The self-force program aims at accurately modeling relativistic two-body systems with a small mass ratio (SMR). In the context of the effective-one-body (EOB) framework, current results from this program can be used to determine the effective metric components at linear order in the mass ratio, resumming post-Newtonian (PN) dynamics around the test-particle limit in the process. It was shown in [Akcay et al., Phys. Rev. D 86 (2012)] that, in the original (standard) EOB gauge, the SMR contribution to the metric component $g^\text{eff}_{tt}$ exhibits a coordinate singularity at the light-ring (LR) radius. In this paper, we adopt a different gauge for the EOB dynamics and obtain a Hamiltonian that is free of poles at the LR, with complete circular-orbit information at linear order in the mass ratio and non-circular-orbit and higher-order-in-mass-ratio terms up to 3PN order.
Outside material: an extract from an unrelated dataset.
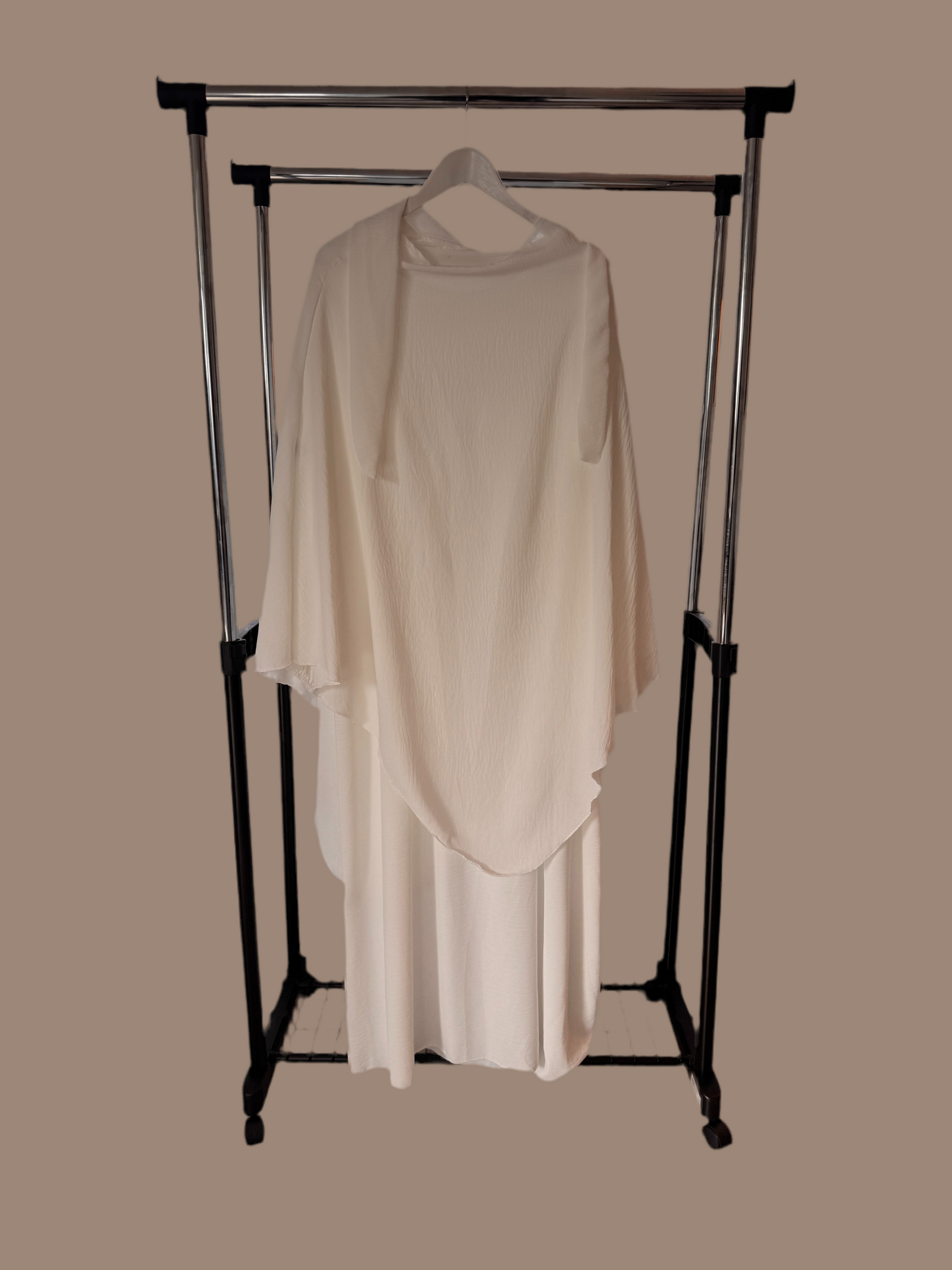 Crafted from lightweight, breathable fabric, it offers full coverage with a smooth, graceful drape. The neutral beige tone brings a touch of warmth and saphistication, making it perfect for everyday wear, prayer, or layering over.

We confirm the absence of the LR-divergence in such an EOB Hamiltonian via plunging trajectories through the LR radius. Moreover, we compare the binding energies and inspiral waveforms of EOB models with SMR, PN and mixed SMR-3PN information on a quasi-circular inspiral against numerical-relativity predictions. We find good agreement between NR simulations and EOB models with SMR-3PN information for both equal and unequal mass ratios. In particular, when compared to EOB inspiral waveforms with only 3PN information, EOB Hamiltonians with SMR-3PN information improves the modeling of binary systems with small mass ratios $q \lesssim 1/3$, with a dephasing accumulated in $\sim$30 gravitational-wave (GW) cycles being of the order of few hundredths of a radian up to 4 GW cycles before merger.